Among the entries below, only the lines starting at the one with "<span class='ref_item'>242 -</span>" and ending at the one with "DAS VATERHAUS /", both included, are to be printed exactly.

====== Extracted records

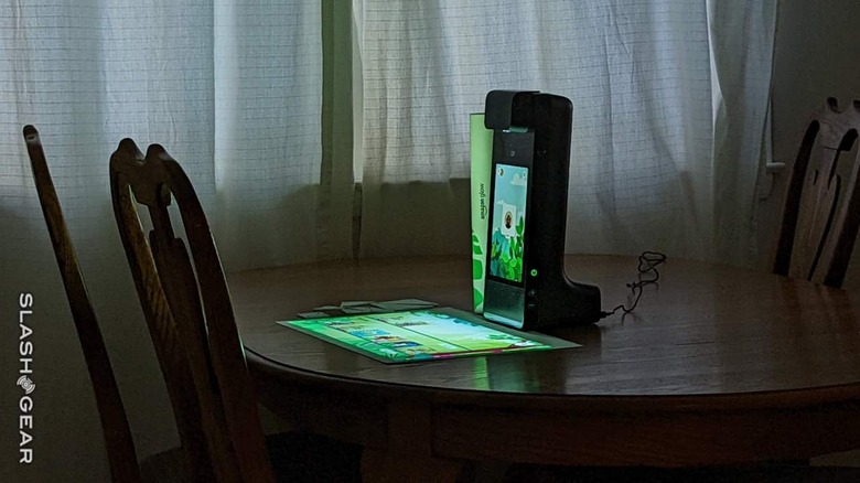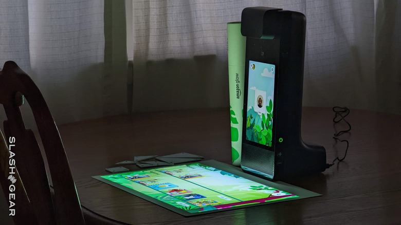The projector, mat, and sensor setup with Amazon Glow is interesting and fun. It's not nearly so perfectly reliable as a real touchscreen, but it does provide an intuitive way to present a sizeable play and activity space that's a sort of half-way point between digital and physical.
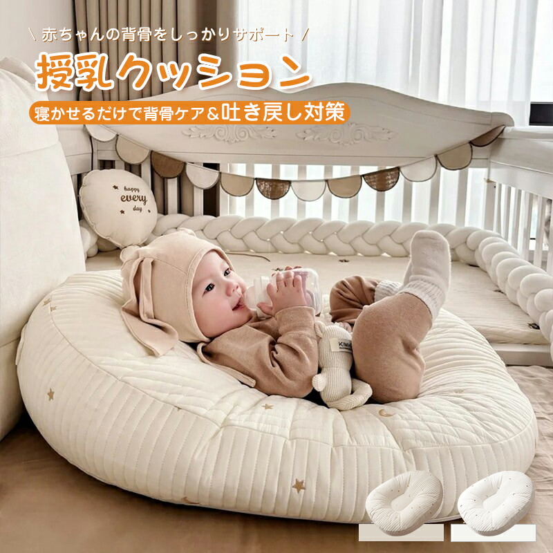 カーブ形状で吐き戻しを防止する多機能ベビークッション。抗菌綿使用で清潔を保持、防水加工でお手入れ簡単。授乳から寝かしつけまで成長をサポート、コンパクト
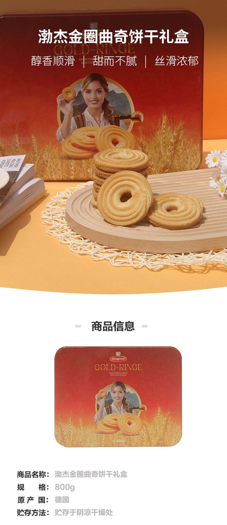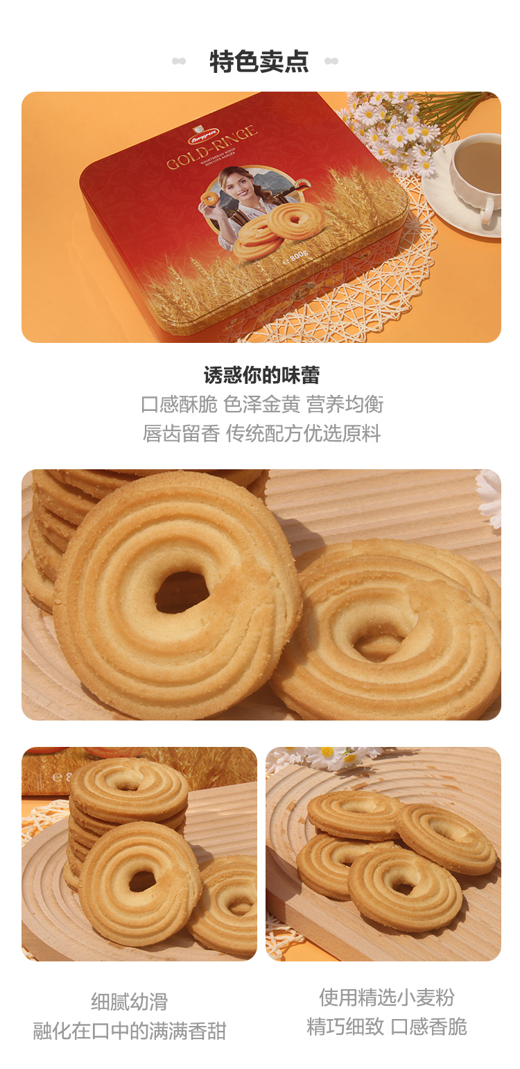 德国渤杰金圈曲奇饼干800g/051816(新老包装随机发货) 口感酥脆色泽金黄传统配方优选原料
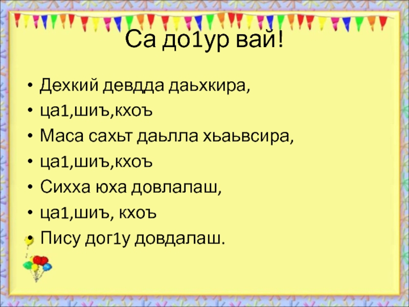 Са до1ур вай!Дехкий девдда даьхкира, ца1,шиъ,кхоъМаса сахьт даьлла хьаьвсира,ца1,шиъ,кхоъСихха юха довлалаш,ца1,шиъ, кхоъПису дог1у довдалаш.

============
====== Extracted records

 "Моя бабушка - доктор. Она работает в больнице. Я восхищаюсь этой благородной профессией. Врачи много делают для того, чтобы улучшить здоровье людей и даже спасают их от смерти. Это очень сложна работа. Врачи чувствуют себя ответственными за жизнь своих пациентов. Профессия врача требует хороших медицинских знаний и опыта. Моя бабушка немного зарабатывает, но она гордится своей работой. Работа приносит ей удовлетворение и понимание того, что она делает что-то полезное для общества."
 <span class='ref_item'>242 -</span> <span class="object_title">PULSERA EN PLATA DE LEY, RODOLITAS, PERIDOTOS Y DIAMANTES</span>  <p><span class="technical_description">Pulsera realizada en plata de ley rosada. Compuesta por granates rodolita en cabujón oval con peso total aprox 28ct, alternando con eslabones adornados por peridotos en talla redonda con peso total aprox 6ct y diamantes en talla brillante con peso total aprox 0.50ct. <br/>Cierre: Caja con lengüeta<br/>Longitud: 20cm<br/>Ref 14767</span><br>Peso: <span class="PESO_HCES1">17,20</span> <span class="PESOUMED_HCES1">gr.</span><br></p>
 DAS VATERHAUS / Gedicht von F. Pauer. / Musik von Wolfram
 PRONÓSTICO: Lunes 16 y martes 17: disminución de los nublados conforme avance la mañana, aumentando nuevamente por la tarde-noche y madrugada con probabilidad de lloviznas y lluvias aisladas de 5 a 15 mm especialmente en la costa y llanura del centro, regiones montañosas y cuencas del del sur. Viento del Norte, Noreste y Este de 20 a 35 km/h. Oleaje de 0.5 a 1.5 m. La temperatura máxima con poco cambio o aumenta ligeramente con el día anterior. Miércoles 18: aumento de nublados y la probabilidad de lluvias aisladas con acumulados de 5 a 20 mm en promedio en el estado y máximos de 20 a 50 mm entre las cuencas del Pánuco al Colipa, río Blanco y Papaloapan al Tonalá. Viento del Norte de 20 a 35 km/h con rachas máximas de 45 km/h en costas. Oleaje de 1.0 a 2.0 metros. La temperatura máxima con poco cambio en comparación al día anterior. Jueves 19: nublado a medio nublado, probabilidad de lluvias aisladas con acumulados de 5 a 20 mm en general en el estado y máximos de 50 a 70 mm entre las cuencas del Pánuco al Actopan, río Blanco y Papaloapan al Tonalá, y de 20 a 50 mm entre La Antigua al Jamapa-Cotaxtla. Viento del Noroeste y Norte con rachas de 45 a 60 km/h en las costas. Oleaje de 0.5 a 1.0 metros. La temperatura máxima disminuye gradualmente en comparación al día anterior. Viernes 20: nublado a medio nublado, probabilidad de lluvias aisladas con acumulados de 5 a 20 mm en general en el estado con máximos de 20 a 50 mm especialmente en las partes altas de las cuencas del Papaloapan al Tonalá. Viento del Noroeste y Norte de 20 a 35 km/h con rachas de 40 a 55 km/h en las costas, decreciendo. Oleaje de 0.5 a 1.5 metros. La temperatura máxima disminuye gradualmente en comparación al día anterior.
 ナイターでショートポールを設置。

============

### Task output:
 <span class='ref_item'>242 -</span> <span class="object_title">PULSERA EN PLATA DE LEY, RODOLITAS, PERIDOTOS Y DIAMANTES</span>  <p><span class="technical_description">Pulsera realizada en plata de ley rosada. Compuesta por granates rodolita en cabujón oval con peso total aprox 28ct, alternando con eslabones adornados por peridotos en talla redonda con peso total aprox 6ct y diamantes en talla brillante con peso total aprox 0.50ct. <br/>Cierre: Caja con lengüeta<br/>Longitud: 20cm<br/>Ref 14767</span><br>Peso: <span class="PESO_HCES1">17,20</span> <span class="PESOUMED_HCES1">gr.</span><br></p>
 DAS VATERHAUS / Gedicht von F. Pauer. / Musik von Wolfram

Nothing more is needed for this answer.